** Opening Data shown block **
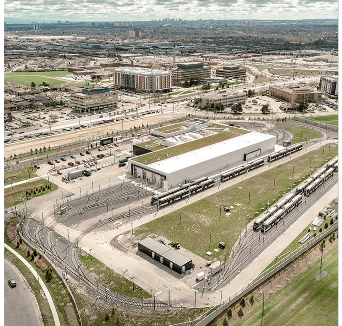
Photo: Maintenance and Storage Facility northeast aerial view. 2024.03.24
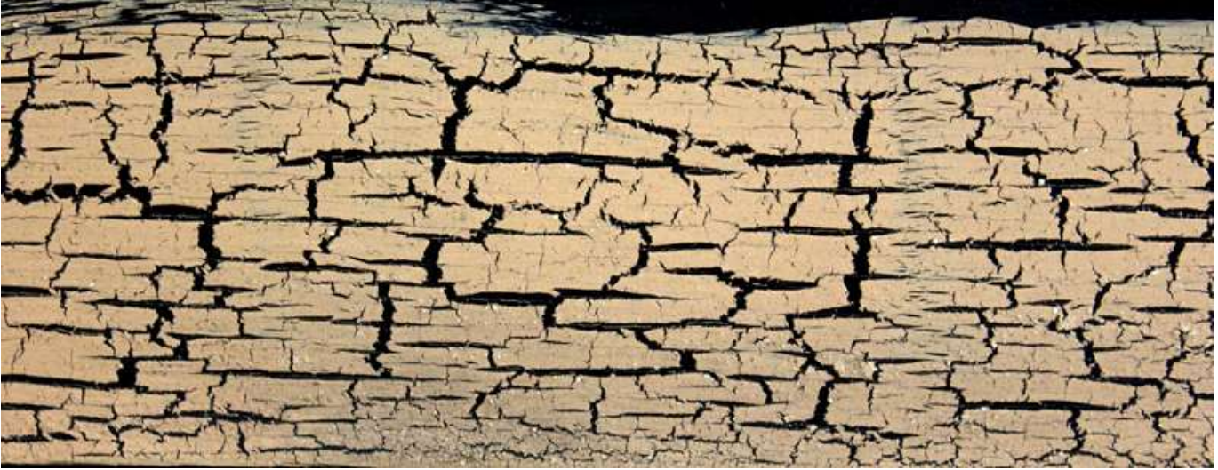
Light Cream over Black
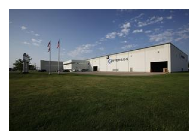
Ryerson will maintain operations at 555 Yearling Road near John Glenn International.

Chicago-based Ryerson will maintain operations there, processing and distributing stainless steel, aluminum sheets and other metals.
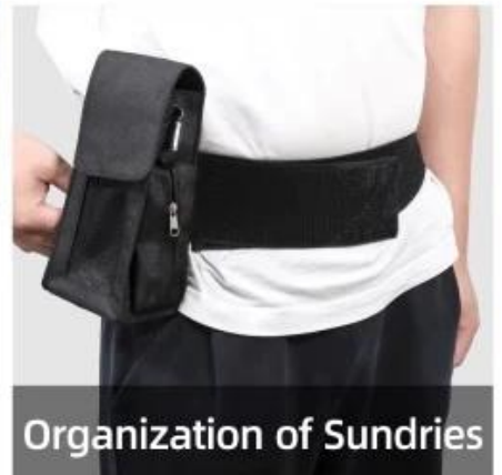
Organization of Sundries
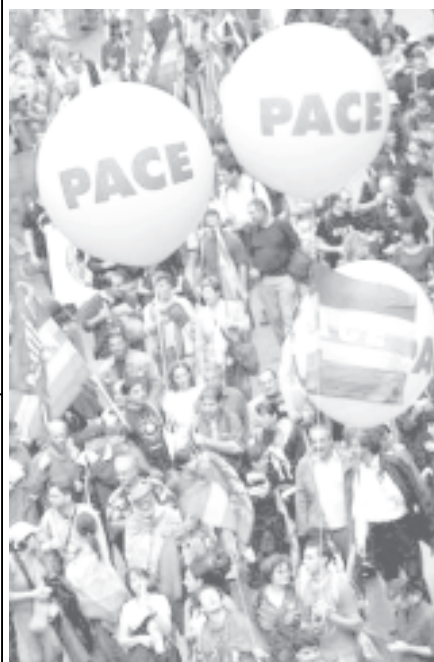
Italian demonstrators hold balloons reading 'peace' as they march in Rome, on 30 Oct, 2004 demanding peace in Iraq and the withdrawal of troops.
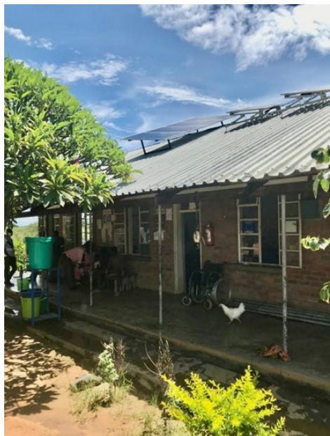
New panels on the roof of Chididi Health Centre
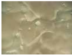
BLONDE (BLACK BASE)
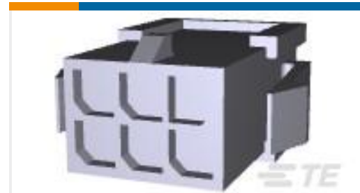
TE Part #794615-6 PANEL MT DBL ROW HSG 6 POS
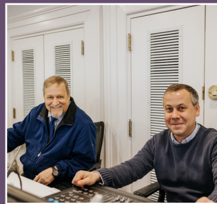
Audio/Visual & Livestreaming
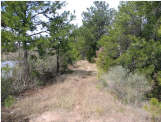
This fish pond dam likely will have problems with leakage (if not already) and breakage if the trees are not killed or removed.

Low water levels can cause significant problems in ponds and impounded wetlands. Improperly constructed or damaged spillways can lead to excessive dam or levee erosion and excessive aquatic vegetation along fish pond margins. The spillway should be repaired if it is eroding or otherwise damaged, keeping the pond or impounded wetland level too low and increasing the chance of the dam eroding during heavy rains. In special cases, leaks around the spillway or levee structure can be stopped with the addition of special clays or plastic liners.
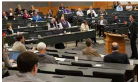
This year’s water symposium and water law conference will be held at Nebraska Innovation Campus on Oct. 20 and 21.

unique and shared problem areas,” Ray said.
** Closing Data shown block **
**How to complete this task:** Output must match the lines from the start of the records above through the line that contains "This fish pond", exactly and with every picture removed.

**Completed exercise:**
Photo: Maintenance and Storage Facility northeast aerial view. 2024.03.24
Light Cream over Black
Ryerson will maintain operations at 555 Yearling Road near John Glenn International.

Chicago-based Ryerson will maintain operations there, processing and distributing stainless steel, aluminum sheets and other metals.
Organization of Sundries
Italian demonstrators hold balloons reading 'peace' as they march in Rome, on 30 Oct, 2004 demanding peace in Iraq and the withdrawal of troops.
New panels on the roof of Chididi Health Centre
BLONDE (BLACK BASE)
TE Part #794615-6 PANEL MT DBL ROW HSG 6 POS
Audio/Visual & Livestreaming
This fish pond dam likely will have problems with leakage (if not already) and breakage if the trees are not killed or removed.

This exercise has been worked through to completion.